The Generals
- English First Edition
- Author: Simon Scarrow
- Cover artist: Tim Byrne
- Language: English
- Series: Wellington and Napoleon Quartet
- Genre: Historical novel
- Publisher: Hodder Headline
- Publication date: 31 May 2007
- Publication place: United Kingdom
- Media type: Print (Hardback)
- Pages: 554 pp
- ISBN: 0-7553-2435-8
- OCLC: 78989335
- Preceded by: Young Bloods
- Followed by: Fire and Sword

= The Generals (novel) =

2007 novel by Simon Scarrow

The Generals is the second volume in Simon Scarrow's Wellington and Napoleon Quartet, which narrates mostly in alternate chapters, tells the story of Sir Arthur Wellesley (the future Duke of Wellington) and the Corsican Brigadier Napoleon Bonaparte (the future Emperor of France).

==Plot==
In the turbulent aftermath of the French Revolution, Napoleon Bonaparte is accused of treachery and corruption. His reputation is saved by his skill in leading his men to victory in Italy and Egypt. But then he must rush home to France to restore order amidst political unrest, and to find peace or victory over the country's enemies, foremost of which is England and Arthur Wellesley (the future Duke of Wellington).
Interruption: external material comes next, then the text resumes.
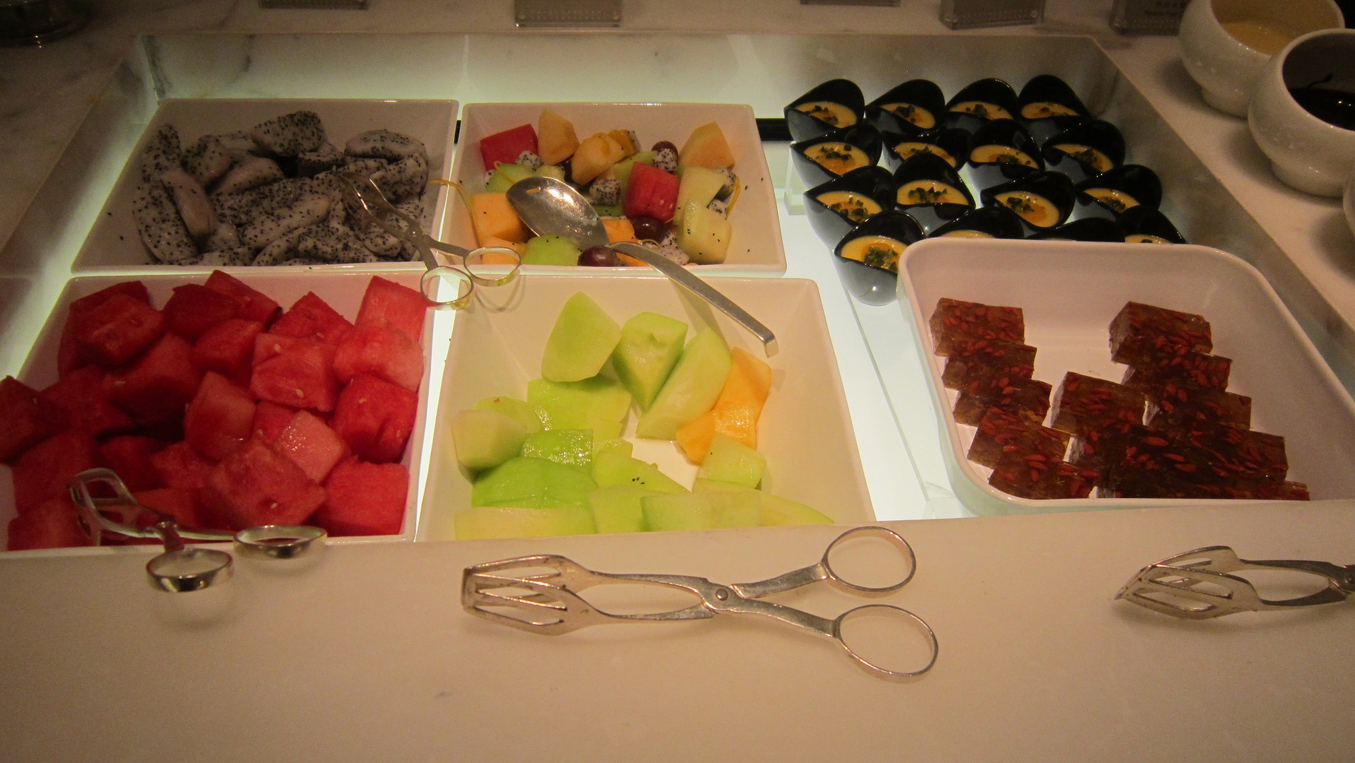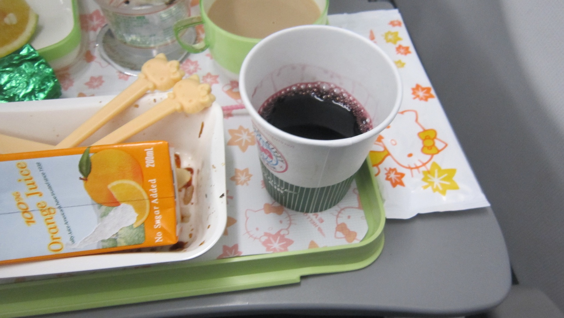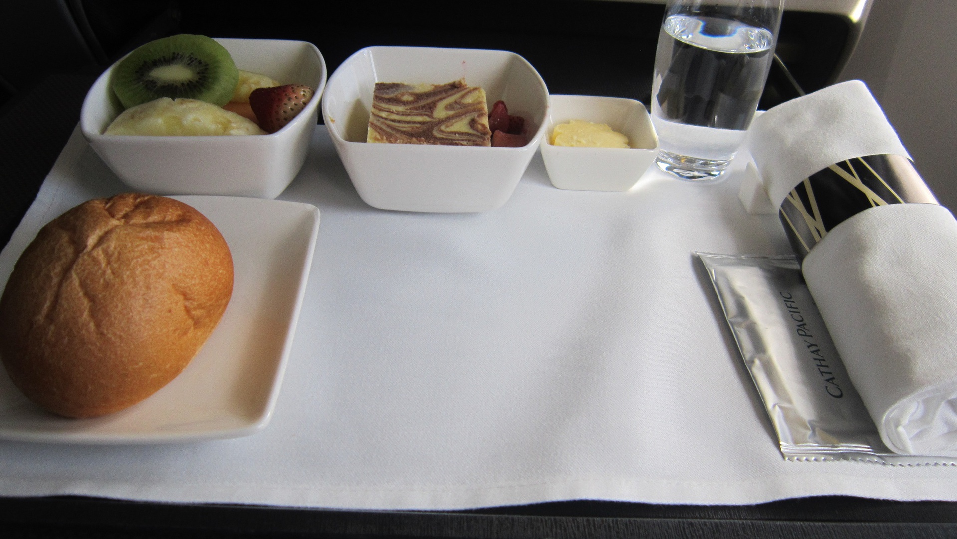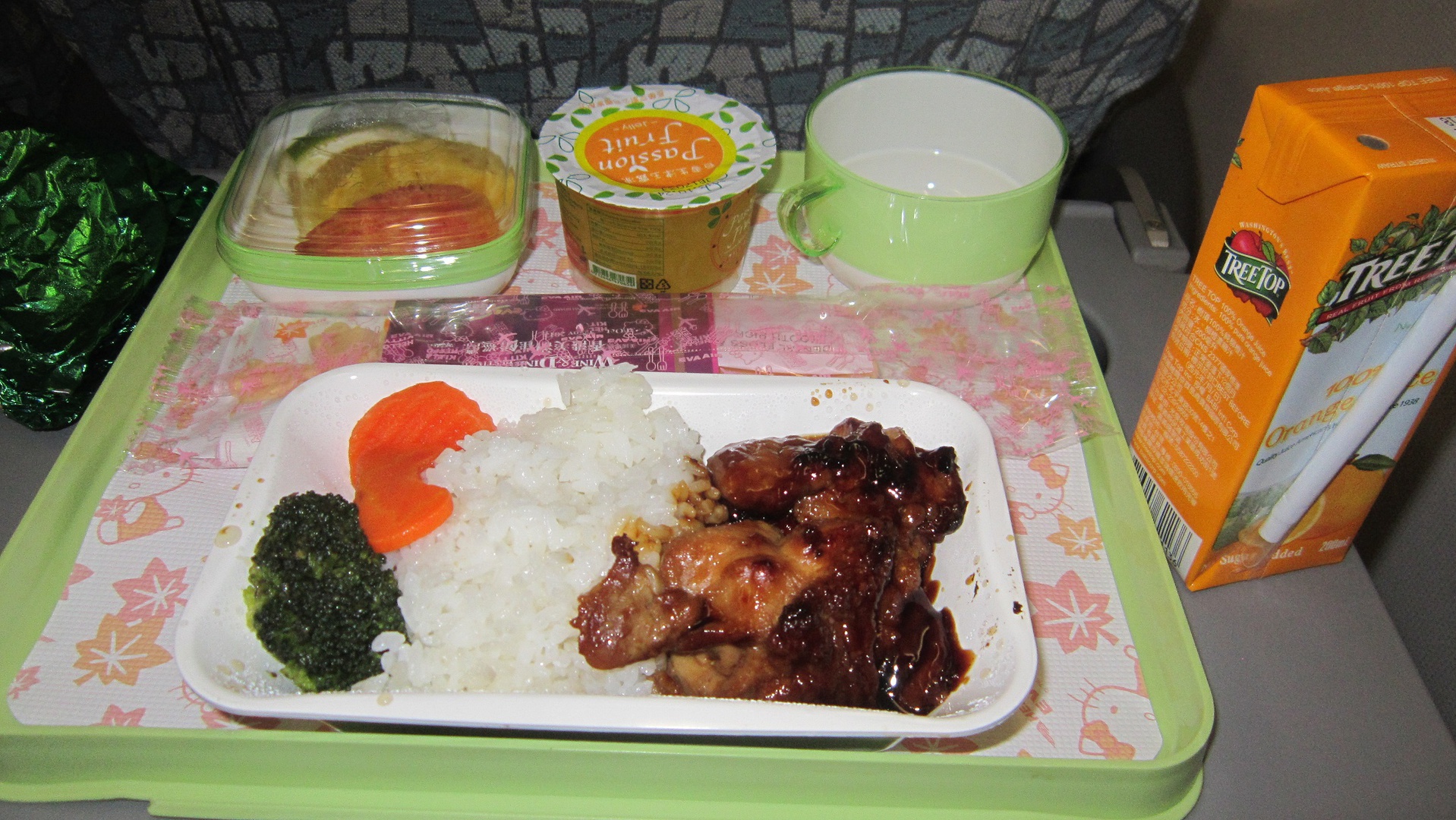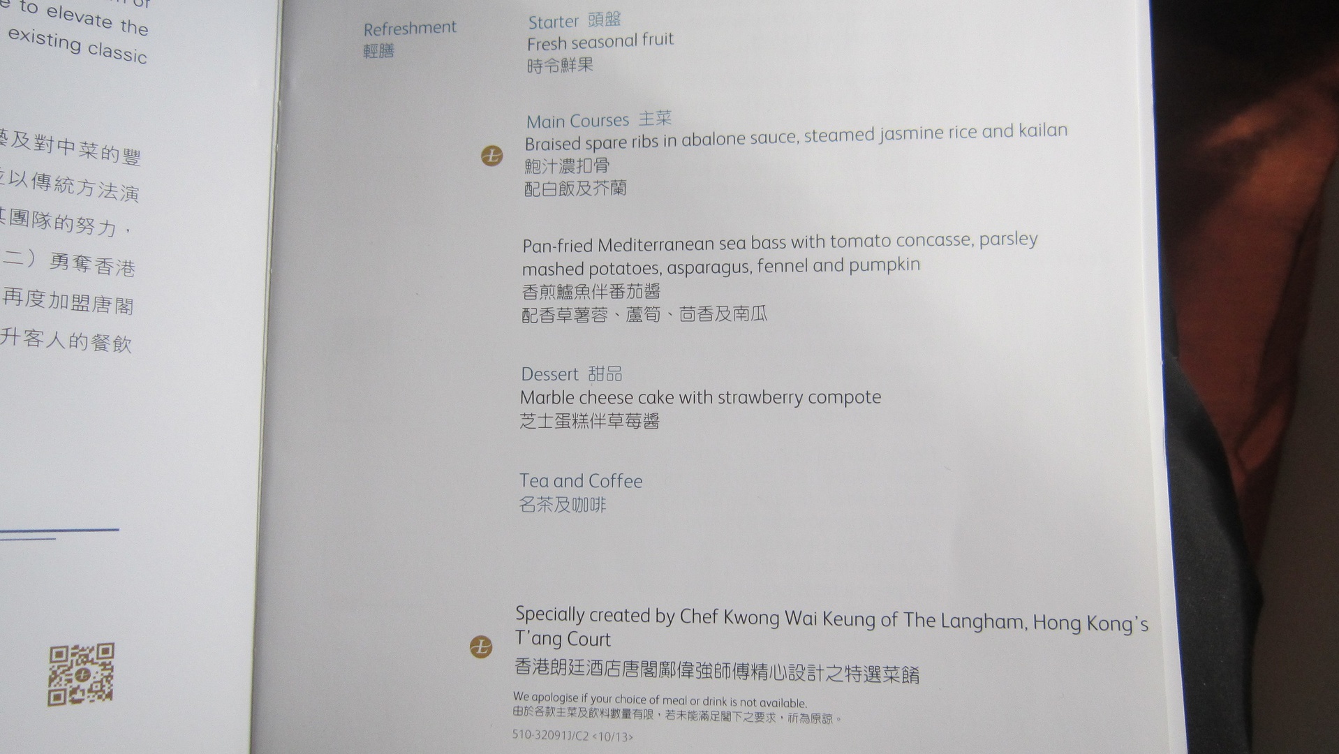 På flygningen serverades det ”gamla” vanliga, färskt frukt som förrätt och två rätter att välja på till huvudrätt. Efter besöket i The Wing var jag ju föga överraskande inte så hungrig, men jag tänkte låta ”Chef Kwong” få en chans, så det fick bli revbensspjäll. Är normalt sett inte något större fan av denna rätt, eftersom jag inte håller en blandning av ben, senor, fett och lite köttstrimlor som någon delikatess. Men i den här rätten var det faktiskt övervägande kött och det hela smakade riktigt bra. Efterrätten hoppade jag dock över av naturliga skäl.

Wellesley is on the other side of the world in India where British interests are under threat. Wellesley leads vast armies against a series of powerful warlords in campaigns that will result in the creation of the Raj, the jewel in the crown of the British Empire. He returns to England a hardened veteran a more determined than ever to end France's dominion of Europe.